Not that bad, seeing that i slept quite early yesterday – 9pm+

PDP’s starting again tomorrow. Lug around that guitar. ._.

Got back my biology results ._.|| or rather – some parts of it.

Wouldn’t say its horrible; wouldn’t say its good.

Heee…………………

I’m feeling kind of down now. For some reasons.

But today in school was pretty high. Maybe that’s why.

But anyway… just feeling kind of down.

They say the grass is always greener on the other side – it applies to everything and anything eh.

I still wished i didn’t think so much though. I mean, i already have so much… Its not fair to ask for more, right?

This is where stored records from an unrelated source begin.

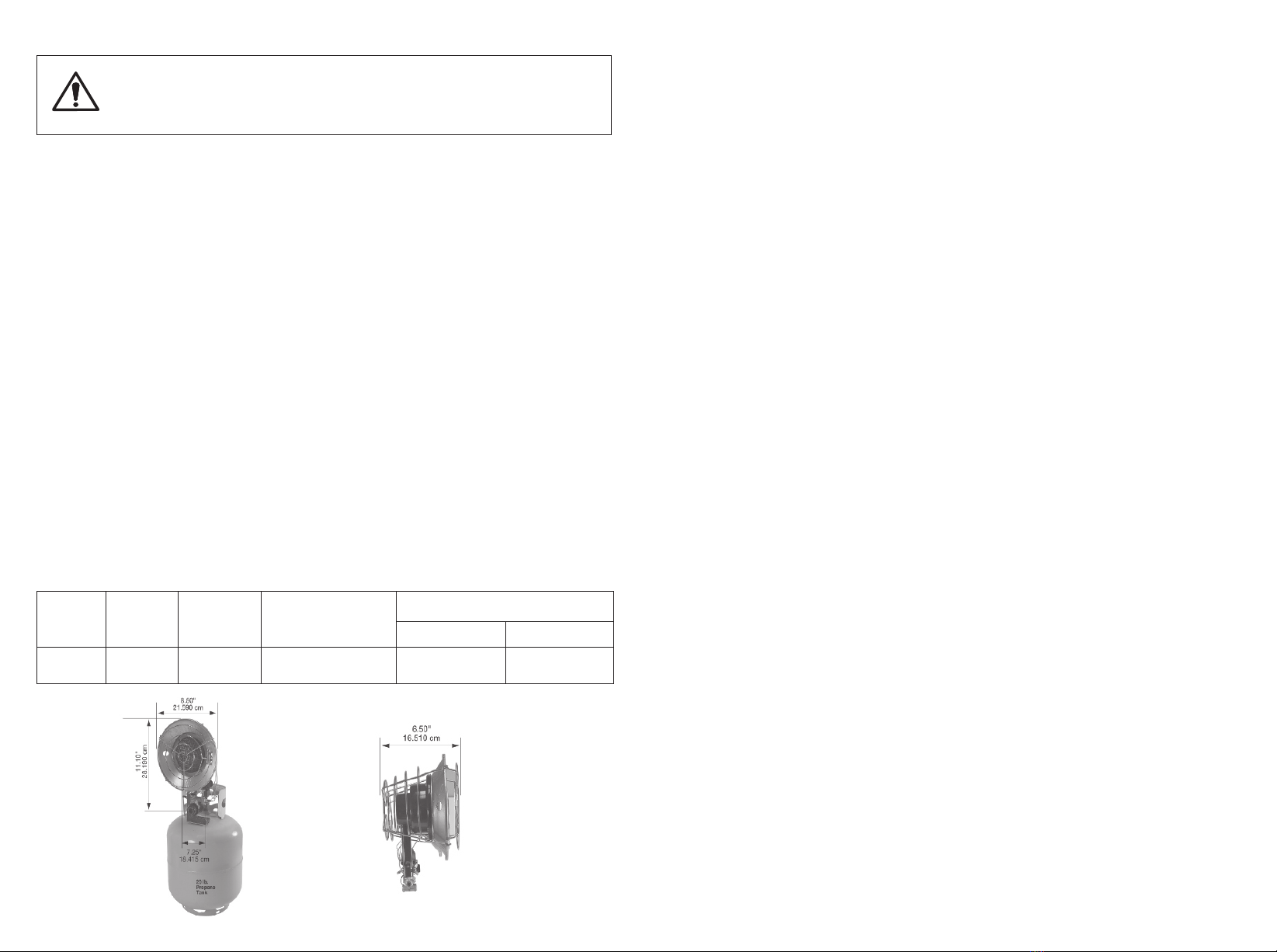 ● This heater should not be directed toward any propane (LP) or gas container
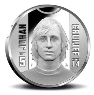 Además de su rostro, también aparece el legendario número 14 que usó en su dorsal. Aunque es una moneda de 5 euros, los coleccionistas han pagado entre los 12 y 389 euros por obtener la primer moneda.
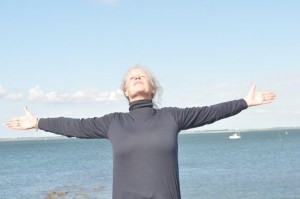 Ga staan met de voeten op heupbreedte. Breng je aandacht naar de adem. Wees je bewust van de inademing en wees je bewust van de uitademing.  Armen langs het lichaam. Aandacht naar de handen, en breng deze op de inademing zijwaarts wijd omhoog, boven het hoofd de handpalmen tegen elkaar en breng de handen bij de uitademing voor de borst en buik naar omlaag.
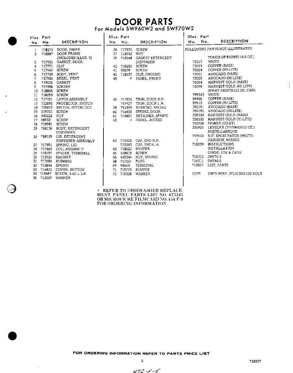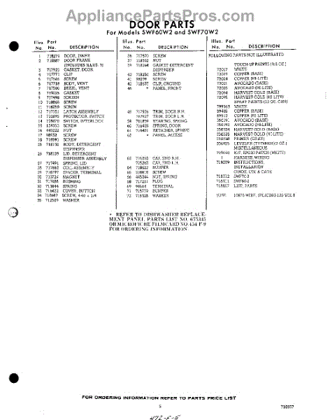 Parts for Whirlpool SWF70W2: 05 - Lit / Optional Parts
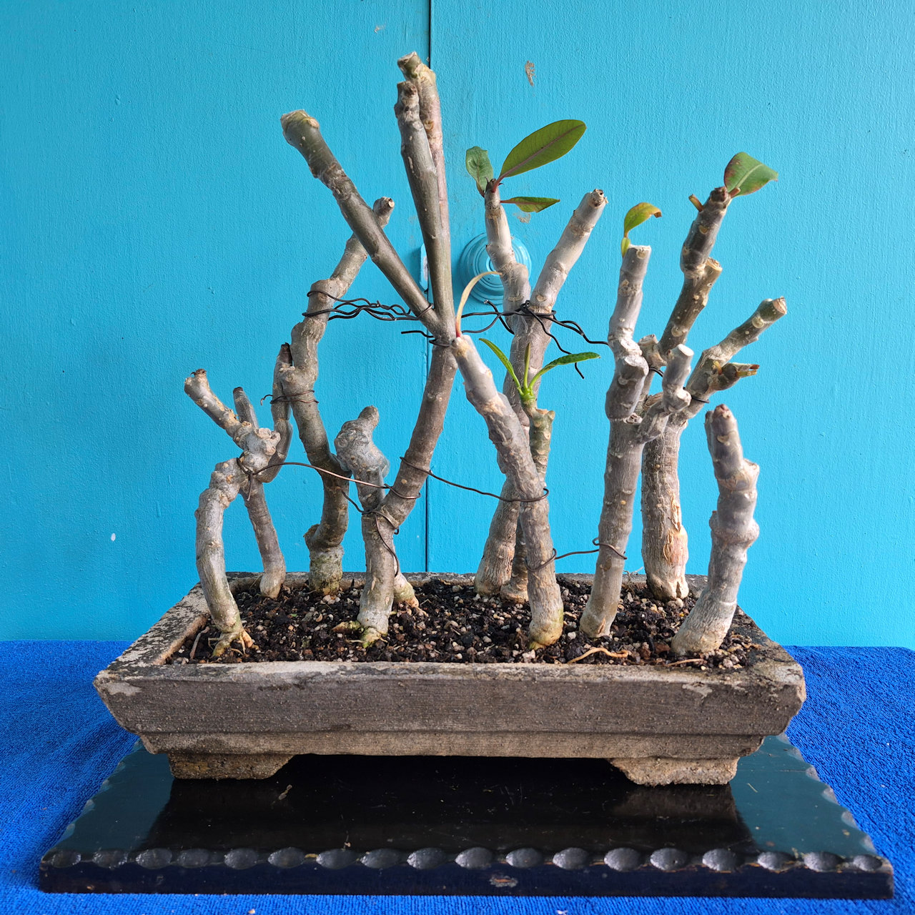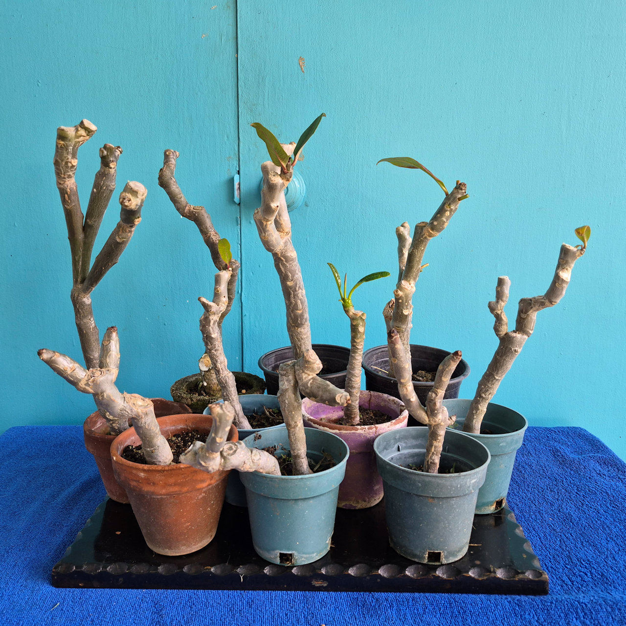 Eleven plumeria trees from seed for a bonsai forest, photographed Tuesday, March 3rd.
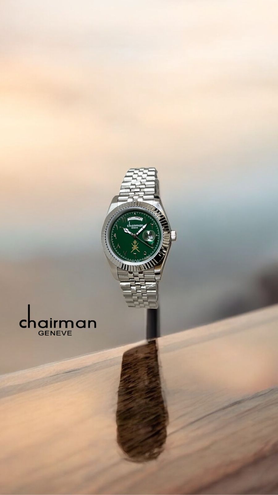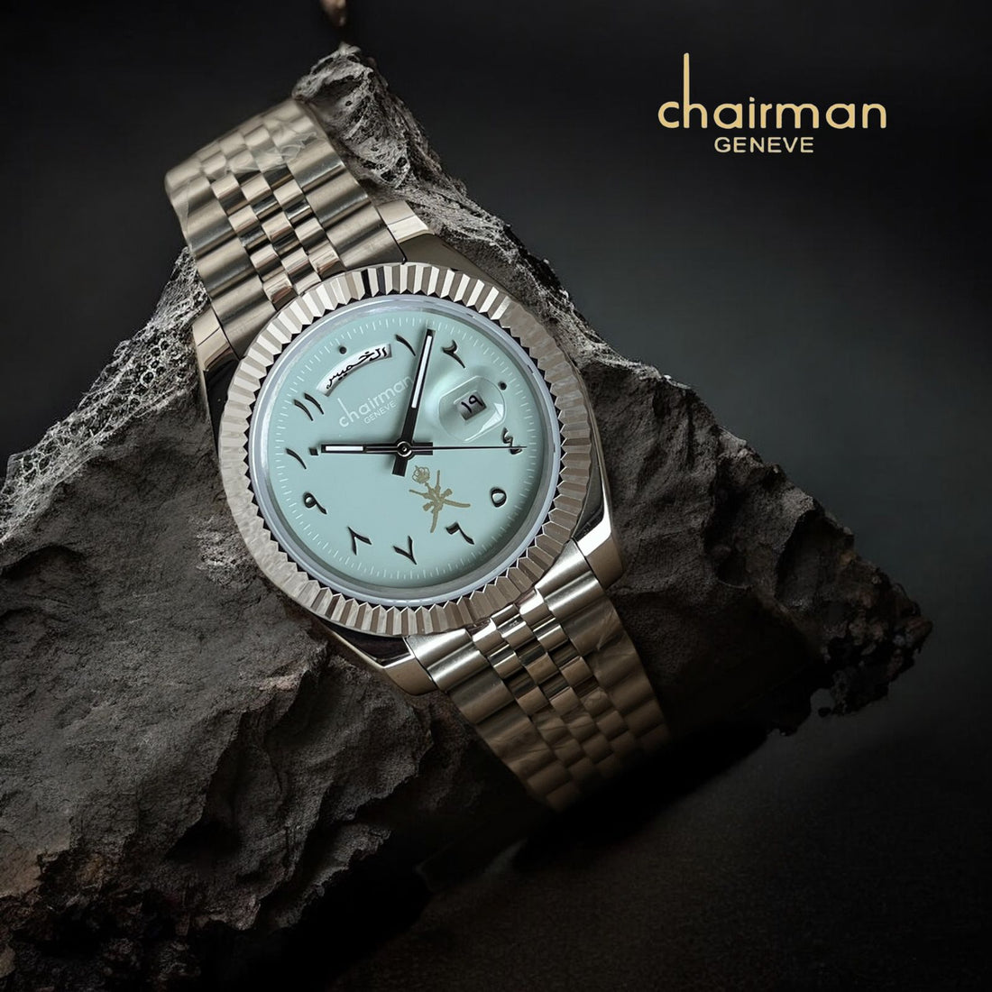Chairman Geneve Day And Dated OMAN Emblem Green Dial Silver Chain Gents Watch

Maybe its true, that some people walk in and stay for a while, others a little longer, and they leave. Only some people stay forever i guess. I mean. I don’t know. I think i’ve tried. But its so hard. Perhaps i’m not meant to. Perhaps karma has caught up with me.

Ha.

-shz

i guess i’m still fixated on the past. the forever-gone past. The old days are not going to come back. The old memories are not going to reenact. 

 

 

 

 

 

It so breaks my heart to realise that there are actually people out there who face problems outside, and yet are still so optimistic, so cheerful ; but they are not appreciated. I’m one of those ungrateful people. But as much as i want to express my thoughts, i’m not one to go up to someone and give a speech. I can’t. Its not in me. But i only hope perhaps, i can do something that gives them a reason to smile.